Такими я и оставила их: обнимаясь, словно сестры, они вежливо прощаются с гостьей. Такими они запечатлелись в моей памяти.

* * *

Такими я представляла их себе, когда через несколько дней, снова с кошелкой, сеткой и кастрюлькой, постучала в эту дверь слева, в домике Ягодзинского с цветными стеклами в сенях. Сейчас я впервые обратила внимание на эти стекла: красные листья дикого винограда, затянувшего их, уже опали, и на обнаженных узловатых стеблях лишь кое-где виднелись мелкие черные гроздья.

Осень уже вступила в свои права, много всяких перемен и событий «напроисходило» в это военное время. Особенно тяжело смотрели страшные глаза немцев из-под надвинутых касок, ужас всех степеней подкашивал ноги тех, кто попадал навстречу шагающим по тротуарам бандам эсэсовцев и не успевал скрыться. По-разному громыхали кованые сапоги и лязгало оружие в темных сенях деревенских домишек. Разные оттенки отчаяния застыли на лицах тех, кого схватили в облавах и увозили в эшелонах.

То хорошие, то плохие известия доходили из большого мира. Казалось, война скоро кончится, казалось, что не кончится никогда. Проходя по дороге из нашего летнего домика в город, по дороге, которую, казалось, я знала наизусть, я иной раз удивленно осматривалась: в зависимости от известий из мира я каждый раз по-другому видела мягко приглушенную зелень озимых в туманном осеннем солнце, слепящую желтизну березовых листьев на фоне интенсивно голубого неба, дрожащую багряную осиновую листву над придорожным рвом…

По утрам выбоины затягивались ледяными зеркальцами — со дна просвечивала красно-желтая лиственная мозаика. Капусту давно уже срезали на пригородных полях — можно было и квашеную купить во многих городских лавочках, но я всякий раз стучала во вторую дверь налево в домике Ягодзинского. Постучав, я ждала и представляла их, мать и дочь Дзерлацких, нежно обнимающихся, как в прошлый раз.
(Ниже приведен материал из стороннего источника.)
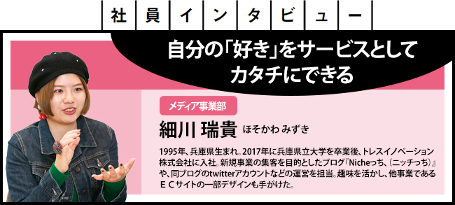 「アリの飼育」や「ゆで卵作り」といった珍しい趣味をもつ人や「ニッチな分野の市場」を紹介する『Nicheっち、』というブログを運営しています。ブログのコンセプトは、人間観察が好きな私が発案したものなんです。ブログのファンを集めることで、新規サービスの集客を図るのがいまの業務の目的です。
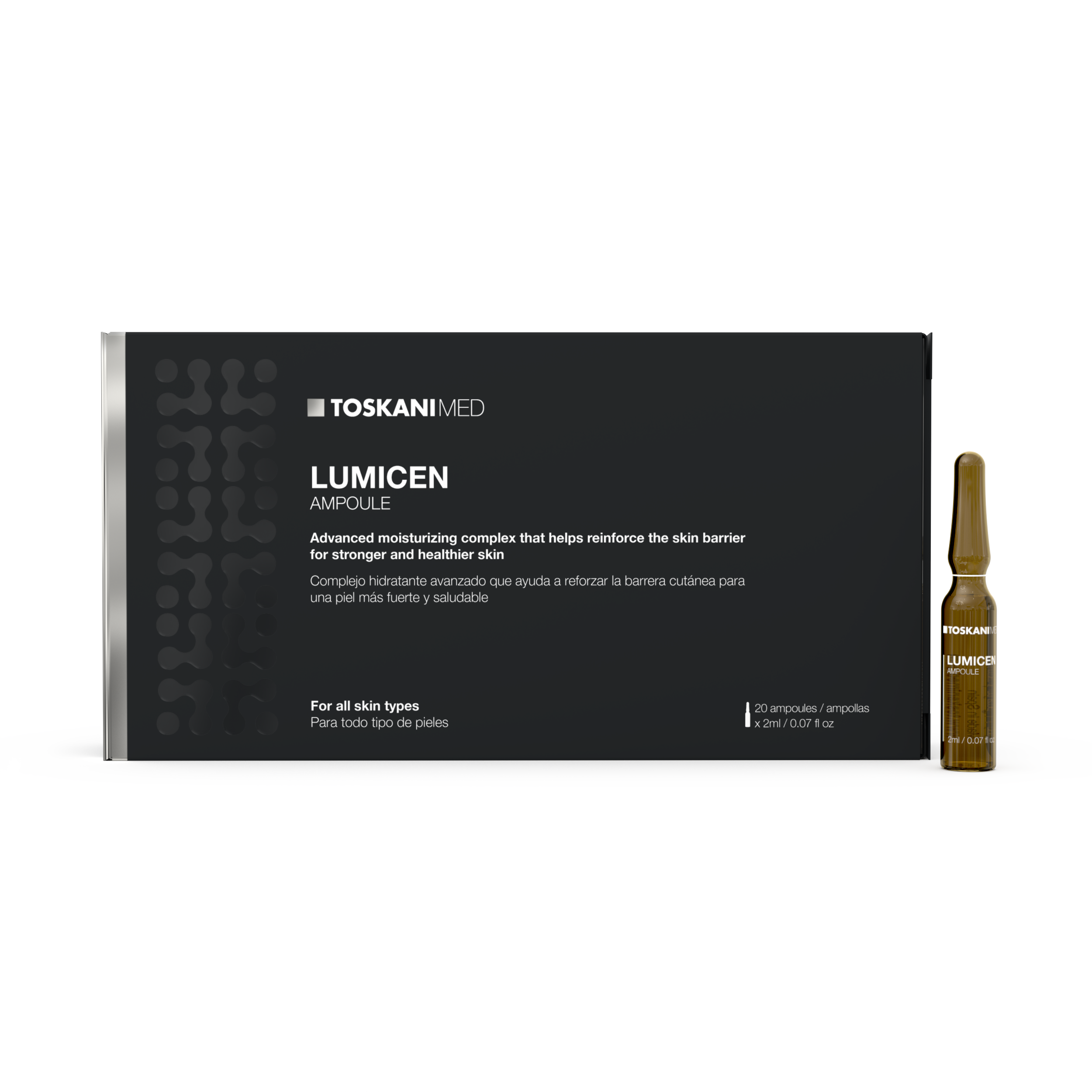TOSKANI Lumicen je otopina natrijeve DNA koja povećava sintezu endogene hijaluronske kiseline. DNA je polinukleotid, glavna komponenta kromosoma, s dvostrukom dekstrorotatornom strukturom spirale. Konkretno, natrijeva DNA je neiritirajuća tvar sa snažnim hidratantnim i površinskim antioksidativnim djelovanjem. Kada se nanese na kožu, DNA ima trofičko djelovanje na nju i uzrokuje promjene u stanicama bazalnog sloja epidermisa. Na taj način suzbija degradaciju kolagena uzrokovanu suncem, duhanom i oksidativnim stresom, čime se poboljšava struktura kože i potiče vidljivo pomlađivanje.

Но сейчас все было не так. Хмурая Дануся Дзерлацкая открыла дверь. Она еще больше похудела и побледнела. Узнала меня сразу, улыбнулась по-детски доверчиво, взяла мою кастрюльку и пригласила сесть на единственный стул, который вытерла голубым передником.

Матери не было. Даже странно — в моей памяти они были неразлучны. Девочка подошла к кадке в углу, которая была чуть ли не выше ее самой, и, как мать, накладывала капусту деревянной ложкой. И, как мать, не оборачиваясь, заговорила равнодушным тоном. Без всякого вступления спросила, ходят ли мои соседи по даче за Буг? И про этого страшного «Вестфальца», и про старую Чихоцкую, у которой караульные убили сына. И что-то в тоне вопроса, как тогда в голосе матери, заставило меня ответить осторожно:

— Да, ходят… Нет, никого не убили, во всяком случае, я не слышала… А что мама… мать, — я вспомнила, что она именно так говорит, — мать ходит за Буг?

Она немного помолчала, все еще стоя спиной ко мне и накладывая капусту, потом коротко ответила, что «мать настояла на своем».

— Но вы, пожалуйста, не старайтесь меня успокоить и скажите правду, — добавила она твердо и совсем не по-детски. Потом обернулась ко мне, смутилась, мягко попросила все-все рассказать ей, как там, за Бугом.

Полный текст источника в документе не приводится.